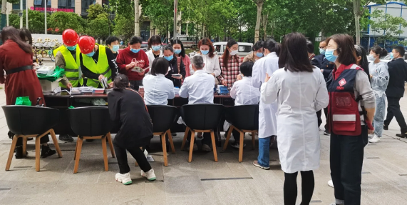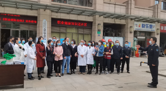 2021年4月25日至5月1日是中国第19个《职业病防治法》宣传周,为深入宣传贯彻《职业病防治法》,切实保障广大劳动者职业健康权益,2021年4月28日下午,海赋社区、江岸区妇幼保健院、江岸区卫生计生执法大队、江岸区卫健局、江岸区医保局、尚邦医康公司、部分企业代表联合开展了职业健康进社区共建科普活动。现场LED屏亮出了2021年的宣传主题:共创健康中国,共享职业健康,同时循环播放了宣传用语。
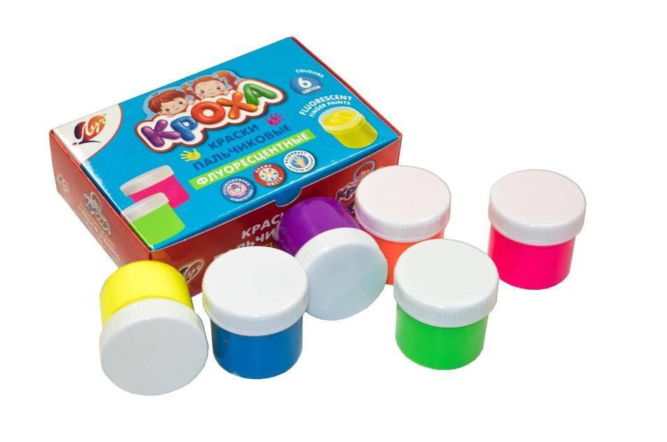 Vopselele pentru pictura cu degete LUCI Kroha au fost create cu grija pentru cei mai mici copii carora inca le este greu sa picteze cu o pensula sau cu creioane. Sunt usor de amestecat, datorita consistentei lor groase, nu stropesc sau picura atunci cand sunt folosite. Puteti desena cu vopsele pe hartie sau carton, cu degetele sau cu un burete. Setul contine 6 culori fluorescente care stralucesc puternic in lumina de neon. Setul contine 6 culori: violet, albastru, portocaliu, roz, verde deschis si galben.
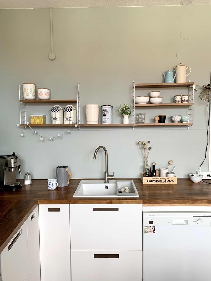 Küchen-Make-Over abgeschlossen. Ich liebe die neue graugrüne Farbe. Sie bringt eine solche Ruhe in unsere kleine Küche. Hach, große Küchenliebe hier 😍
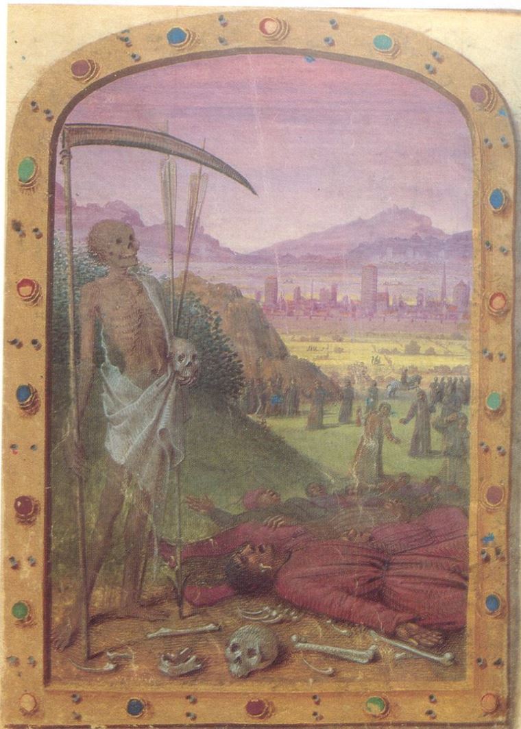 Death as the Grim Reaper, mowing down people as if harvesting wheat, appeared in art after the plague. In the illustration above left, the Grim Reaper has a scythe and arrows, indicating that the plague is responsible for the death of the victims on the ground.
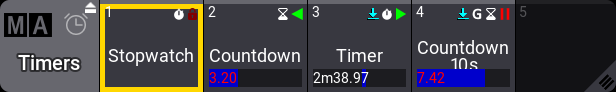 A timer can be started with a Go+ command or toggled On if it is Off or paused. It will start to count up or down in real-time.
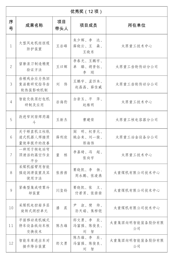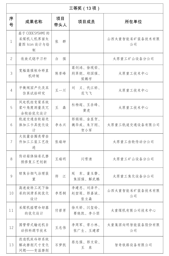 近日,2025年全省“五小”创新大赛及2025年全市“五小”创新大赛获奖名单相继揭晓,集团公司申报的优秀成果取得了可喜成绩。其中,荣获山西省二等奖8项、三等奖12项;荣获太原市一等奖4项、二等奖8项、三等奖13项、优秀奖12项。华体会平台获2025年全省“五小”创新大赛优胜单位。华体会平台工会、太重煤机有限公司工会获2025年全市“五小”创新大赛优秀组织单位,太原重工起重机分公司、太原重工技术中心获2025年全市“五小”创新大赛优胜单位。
* * *
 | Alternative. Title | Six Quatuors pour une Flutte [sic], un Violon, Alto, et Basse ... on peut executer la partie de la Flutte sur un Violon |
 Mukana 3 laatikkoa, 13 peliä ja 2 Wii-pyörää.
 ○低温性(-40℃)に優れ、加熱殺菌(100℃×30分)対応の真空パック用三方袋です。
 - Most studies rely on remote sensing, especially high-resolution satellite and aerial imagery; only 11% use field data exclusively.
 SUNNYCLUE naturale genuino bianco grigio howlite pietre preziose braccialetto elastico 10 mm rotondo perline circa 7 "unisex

** What you should do **
While skipping the pictures, transcribe the data above from the line showing "2021年4月25日至5月1" through the line showing "Death as the", exactly and with both ends.

** Exercise output **
 2021年4月25日至5月1日是中国第19个《职业病防治法》宣传周,为深入宣传贯彻《职业病防治法》,切实保障广大劳动者职业健康权益,2021年4月28日下午,海赋社区、江岸区妇幼保健院、江岸区卫生计生执法大队、江岸区卫健局、江岸区医保局、尚邦医康公司、部分企业代表联合开展了职业健康进社区共建科普活动。现场LED屏亮出了2021年的宣传主题:共创健康中国,共享职业健康,同时循环播放了宣传用语。
 Vopselele pentru pictura cu degete LUCI Kroha au fost create cu grija pentru cei mai mici copii carora inca le este greu sa picteze cu o pensula sau cu creioane. Sunt usor de amestecat, datorita consistentei lor groase, nu stropesc sau picura atunci cand sunt folosite. Puteti desena cu vopsele pe hartie sau carton, cu degetele sau cu un burete. Setul contine 6 culori fluorescente care stralucesc puternic in lumina de neon. Setul contine 6 culori: violet, albastru, portocaliu, roz, verde deschis si galben.
 Küchen-Make-Over abgeschlossen. Ich liebe die neue graugrüne Farbe. Sie bringt eine solche Ruhe in unsere kleine Küche. Hach, große Küchenliebe hier 😍
 Death as the Grim Reaper, mowing down people as if harvesting wheat, appeared in art after the plague. In the illustration above left, the Grim Reaper has a scythe and arrows, indicating that the plague is responsible for the death of the victims on the ground.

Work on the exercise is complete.